Indeed, we would get results that might be publishable. Apart from being unsustainable due to wasting resources, we would not even know if these data are “right” or “true”.
It might sound surprising, but based on our study design we could not say whether we would have been able to detect an effect at all!
Here’s how we can enhance statistical validity while reducing resource and mice use.
What Is Meaningful?
Instead of simply conducting an experiment with “standard sample size” and hoping to see an effect, the first step is to determine the smallest difference we need to detect to reliably speak of a “difference”.
So what would constitute a meaningful outcome?
First, you need to decide what constitutes a meaningful difference. Once you have your data, you calculate the observed difference. You use statistics because you need to account for the variation in the data. For example, the mouse with the lowest data point in Drug #2 might have enzymes that degrade the drug faster, resulting in fewer side effects. Still, you would infer that Drug #2 leads to side effects overall. Finally, you make a decision regarding the side effects. The calculation of significance does not tell you how large the difference is, only how certain you are that any difference exists.
If mice lose 1% of their body weight, you might assume biological variation independent of the drug. If you observe 4% you might want to investigate further, but it’s unlikely you would suggest immediately discontinuing the drug. If the mice start eating each other alive due to starvation, however, your reaction might differ, and you might be on the way to a Nobel Prize…
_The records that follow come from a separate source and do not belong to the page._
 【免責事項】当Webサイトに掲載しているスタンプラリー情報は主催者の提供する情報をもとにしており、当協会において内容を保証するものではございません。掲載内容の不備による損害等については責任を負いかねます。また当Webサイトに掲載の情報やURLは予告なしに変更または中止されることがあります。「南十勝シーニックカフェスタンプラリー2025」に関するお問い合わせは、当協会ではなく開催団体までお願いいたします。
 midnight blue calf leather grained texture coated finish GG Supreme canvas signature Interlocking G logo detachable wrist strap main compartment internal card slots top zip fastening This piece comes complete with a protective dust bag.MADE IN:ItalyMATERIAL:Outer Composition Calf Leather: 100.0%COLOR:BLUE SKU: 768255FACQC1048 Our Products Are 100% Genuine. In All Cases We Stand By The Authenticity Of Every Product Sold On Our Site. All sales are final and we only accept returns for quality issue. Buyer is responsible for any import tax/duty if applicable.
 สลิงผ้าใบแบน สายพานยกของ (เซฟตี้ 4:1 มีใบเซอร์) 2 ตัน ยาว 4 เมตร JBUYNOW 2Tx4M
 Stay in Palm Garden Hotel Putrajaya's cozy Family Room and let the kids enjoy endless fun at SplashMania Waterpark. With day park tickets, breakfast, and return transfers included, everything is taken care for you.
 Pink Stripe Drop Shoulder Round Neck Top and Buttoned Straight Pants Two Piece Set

We could set a threshold of 5% body weight loss as a significant side effect because we know there is a 3% body weight variation in the strain of mice we use.
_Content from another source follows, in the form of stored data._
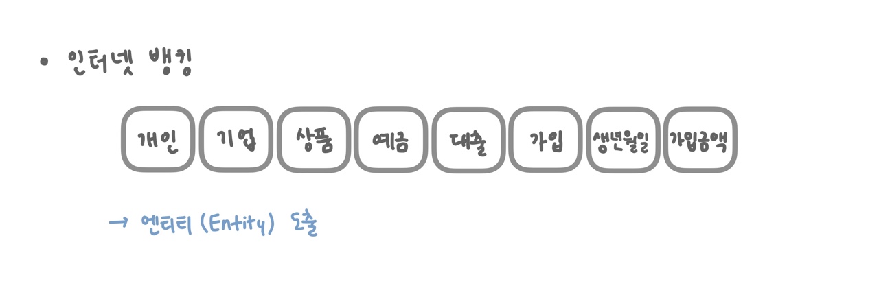 · 현행 업무를 파악하여 개념들을 정리하고 분류하여 엔티티(Entity), 속성(Attribute), 관계(Relationship)로 형상화하는 과정
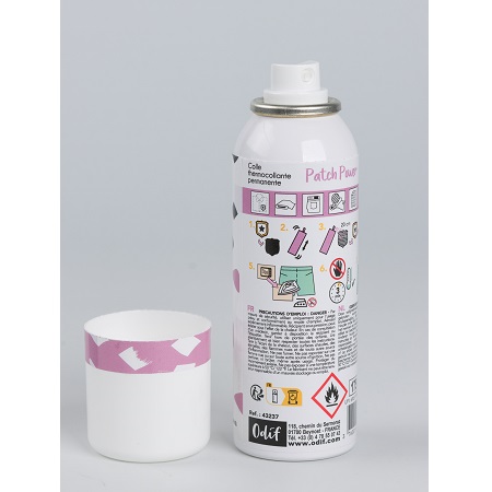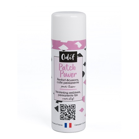 Patch power d’Odif est une colle permanente en spray pour tissu pour coller les écussons et renforcer les patchs thermocollants.
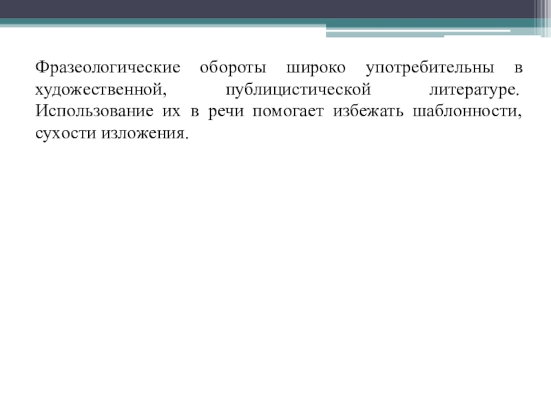 Слайд 13Фразеологические обороты широко употребительны в художественной, публицистической литературе. Использование их в
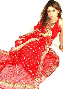 Antique Brocade and Sequin + Bead Zardosi Borders on Red Silk-Georgette Saree with Sequin Highlighted Intricate Gold Print all over - Red Crepe-Silk OR Blue-Gold Brocade Blouse made in style of your choice (Item Code: PC025) US $ 497.00

How Many Mice Do We Really Need?
We also know that due to biological variation, each measurement must be repeated. But how often should you repeat it, or how many mice are needed to reliably detect a 5% difference?
Finding out is unbelievably simple, you will assess the variation (e.g., precision of your scale and the weight-variation of your mice), and then enter this information into a simple online calculator. Done.
This is a simple online power/sample size calculator from the University of Vienna. It helps you to calculate proper sample sizes or tell you the power given a certain sample size. It asks you very basic questions like the difference between the groups you want to detect and the variation of your data. Normally, you can guess the latter from previous experiments. What is alpha and beta?Colloquially, beta, also called power, is the opposite of alpha or “significance”. More precisely, power refers to the probability of missing an effect that’s actually there (with significance being the opposite: the probability of seeing an effect when none exists). Note that keeping the sample size constant, you would reduce the significance level (α) if you increased power further (β).As you can see on the right, there are some mores statistical aspects to consider. However, don’t be intimidated, if they confuse you, a 2 minute google search will answer all questions since those are very basic! Here are more and more and even more such calculators, and here some advanced ideas to increase power without changing sample sizes.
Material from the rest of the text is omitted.